▶ PROBLEM TO WORK ON: Restate word for word the section of the entries that opens at the line containing "Если же вы ездите" and closes at the line containing "Коврик имеетспециальные отверстия, которые", both lines kept, pictures dropped.

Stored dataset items
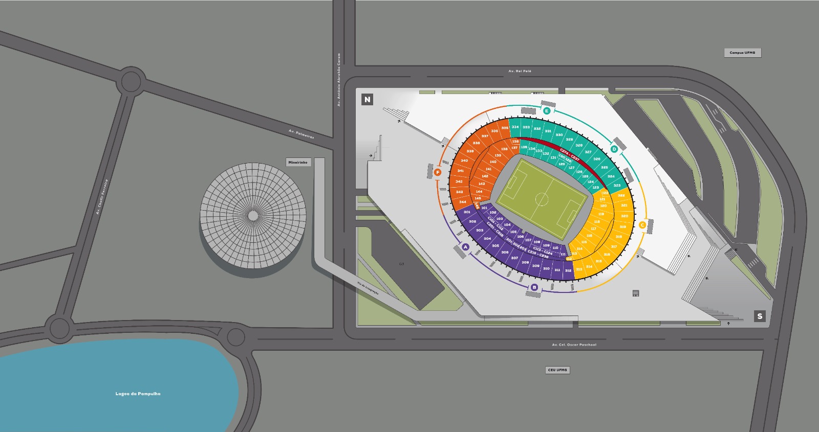 Setores: Amarelo Superior, Amarelo Inferior, Laranja Inferior, Azul Inferior e Roxo Inferior
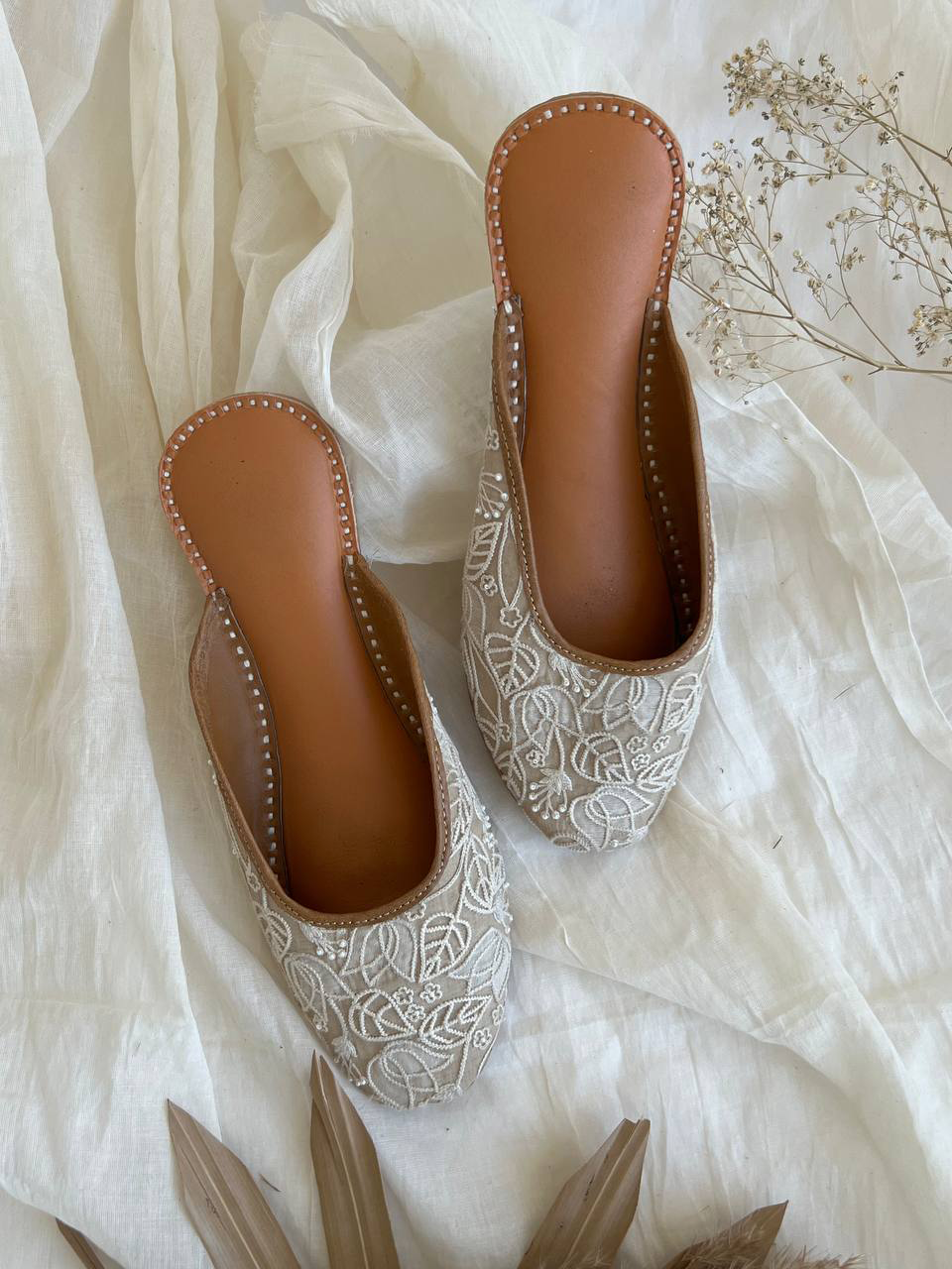 Thea beige hand embroidered juttis with white thread work on cotton chanderi fabric, the juttis are cushioned for comfort and long hour of work
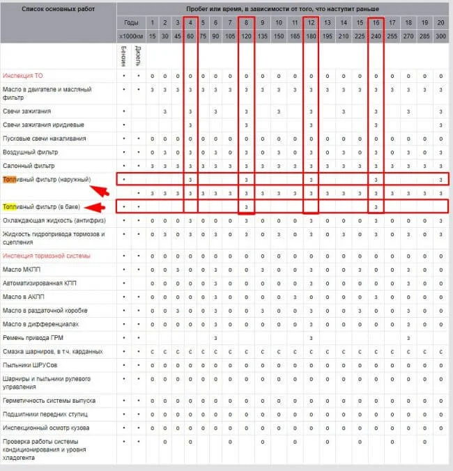 Если же вы ездите по России и заправляетесь на разных АЗС, в том числе и на не проверенных. То сокращайте пробеги по замене фильтров в двое. Если ездите много, то меняйте фильтр перед каждой зимой, чтобы в холода и морозы не было проблем с запуском и работой двигателя.
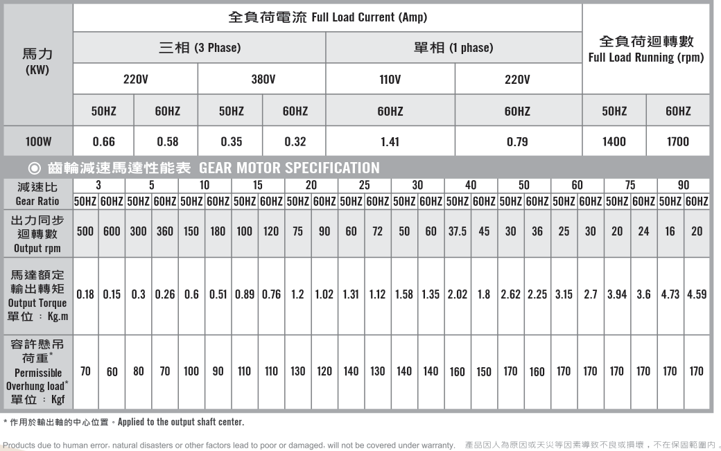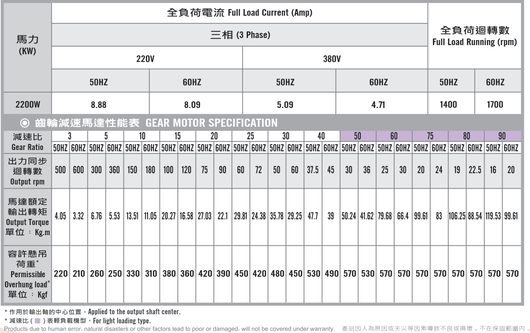 立式齒輪馬達/減速馬達性能規格表G12V400,400W (1/2 HP)
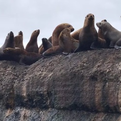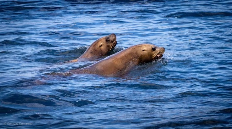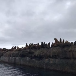 Выход на лодке к волнорезу с лежбищем морских львов (сивучей). Это уникальное природное явление — только три места в мире: Невельск, Камчатка и Сиэтл. Слышим диалоги, делаем кадры с минимального расстояния.
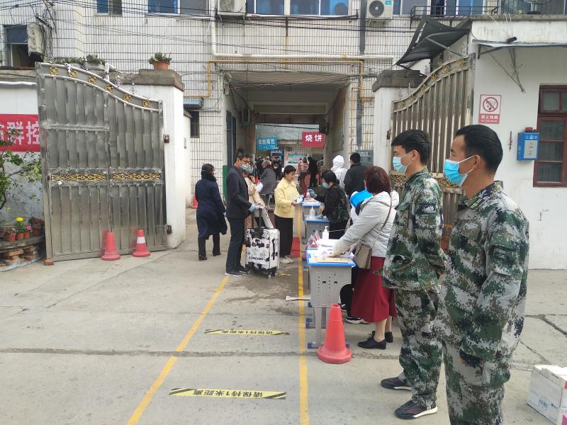 “同學們,請排好隊,與前面的人保持1米以上的距離。”4月20日上午,在鄲城縣華宇中學,來自洺南街道基干民兵應急分隊的民兵們正在現場維護秩序,幫助該校做好九年級學生復學入校防疫工作。
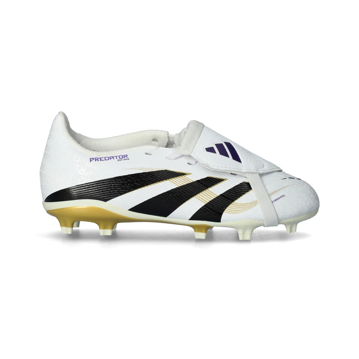 Matériau synthétique laminé actualisé pour plus de stabilité et de confort, doté de la technologie HybridTouch 2.0 avec inserts Strikeskin et languette pliable avec sangle élastique.
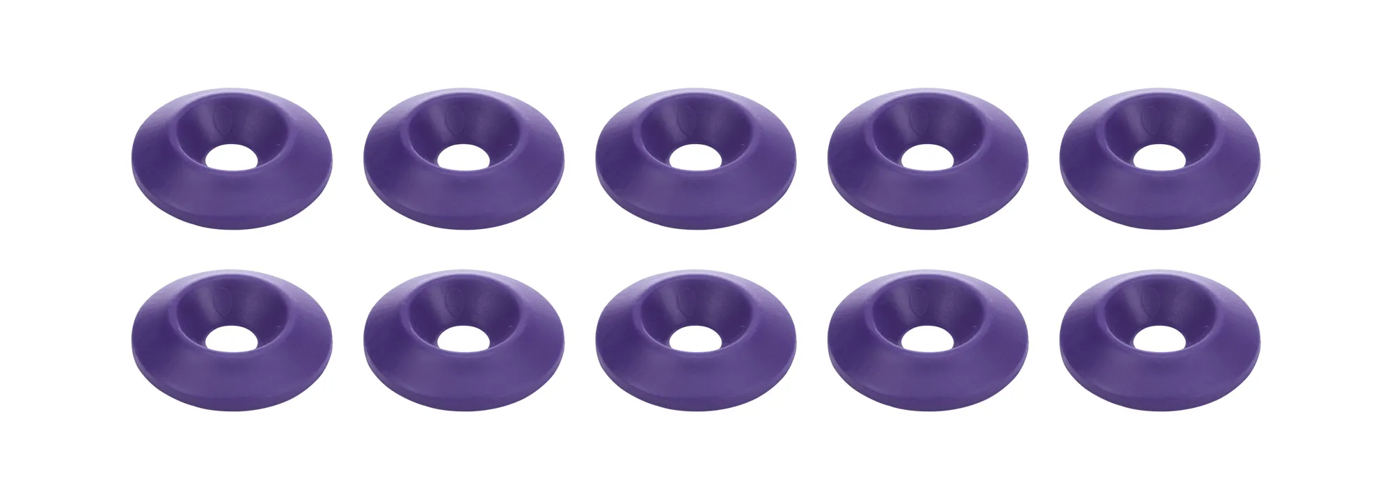 Countersunk Washer – 0.25 in ID – 1 in OD – 0.188 in Thick – Plastic – Purple – Set of 10
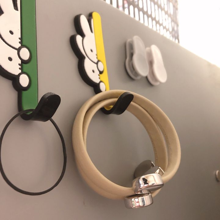 私は冷蔵庫にくっつけているミッフィーのマグネットフックに引っ掛けています。
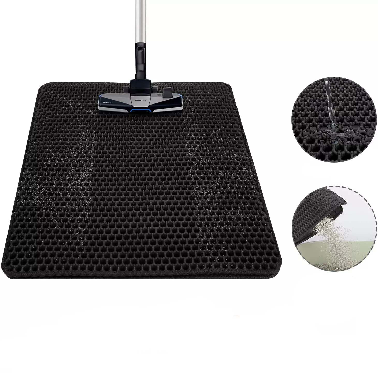 Коврик имеетспециальные отверстия, которые впитывают наполнитель после каждого использования кошкой туалетного лотка, благодаря чему наполнитель не будет растекаться по всему туалету. вся квартира. Коврик для туалетного лотка имеет гладкую поверхность и его очень легко чистить. Все, что вам нужно сделать, это поднять первый слой и высыпать гравий. Кроме того, коврик очень легок и удобен в переноске.
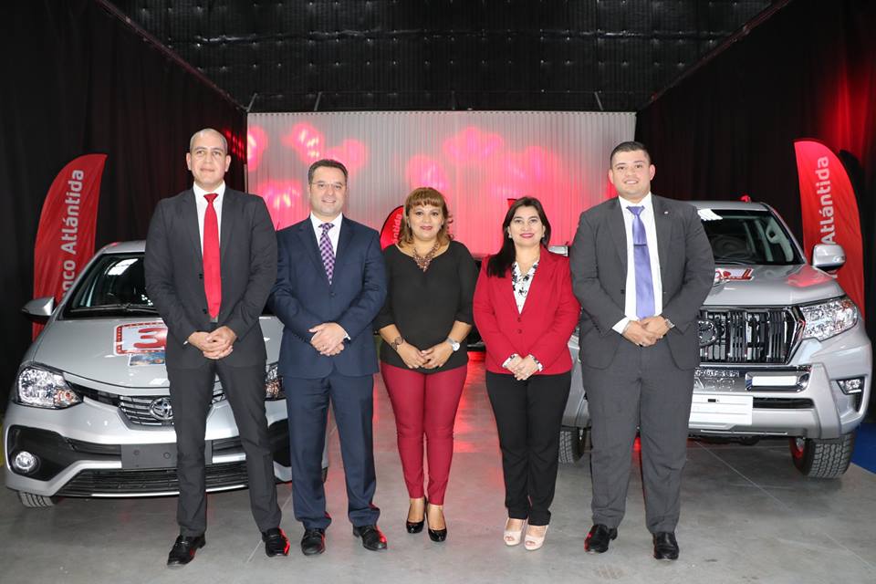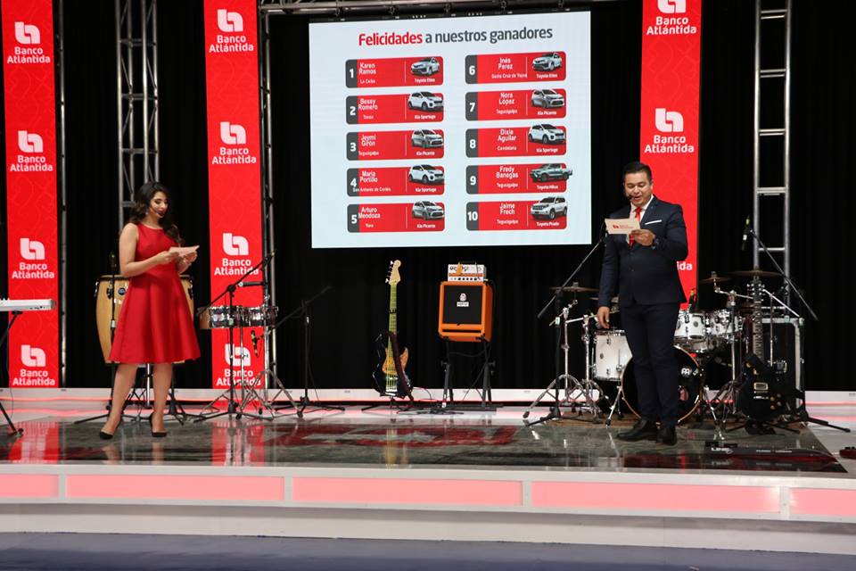 En esta primera entrega, Banco Atlántida regaló 10 vehículos, 3 Kia Picanto, 3 Kia Sportage, 2 Toyota Etios, 1 Toyota Hilux y 1 Toyota Prado.
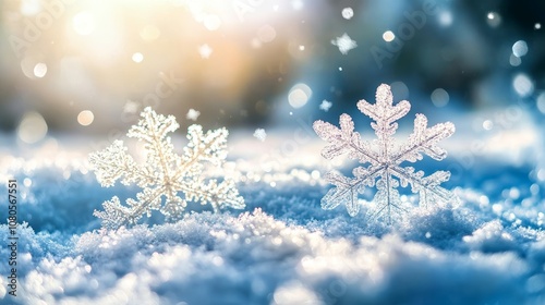 Sparkling Snowflakes in Cold Winter Air with Glittering Background

▶ RESPONSE BELOW:
 Если же вы ездите по России и заправляетесь на разных АЗС, в том числе и на не проверенных. То сокращайте пробеги по замене фильтров в двое. Если ездите много, то меняйте фильтр перед каждой зимой, чтобы в холода и морозы не было проблем с запуском и работой двигателя.
 立式齒輪馬達/減速馬達性能規格表G12V400,400W (1/2 HP)
 Выход на лодке к волнорезу с лежбищем морских львов (сивучей). Это уникальное природное явление — только три места в мире: Невельск, Камчатка и Сиэтл. Слышим диалоги, делаем кадры с минимального расстояния.
 “同學們,請排好隊,與前面的人保持1米以上的距離。”4月20日上午,在鄲城縣華宇中學,來自洺南街道基干民兵應急分隊的民兵們正在現場維護秩序,幫助該校做好九年級學生復學入校防疫工作。
 Matériau synthétique laminé actualisé pour plus de stabilité et de confort, doté de la technologie HybridTouch 2.0 avec inserts Strikeskin et languette pliable avec sangle élastique.
 Countersunk Washer – 0.25 in ID – 1 in OD – 0.188 in Thick – Plastic – Purple – Set of 10
 私は冷蔵庫にくっつけているミッフィーのマグネットフックに引っ掛けています。
 Коврик имеетспециальные отверстия, которые впитывают наполнитель после каждого использования кошкой туалетного лотка, благодаря чему наполнитель не будет растекаться по всему туалету. вся квартира. Коврик для туалетного лотка имеет гладкую поверхность и его очень легко чистить. Все, что вам нужно сделать, это поднять первый слой и высыпать гравий. Кроме того, коврик очень легок и удобен в переноске.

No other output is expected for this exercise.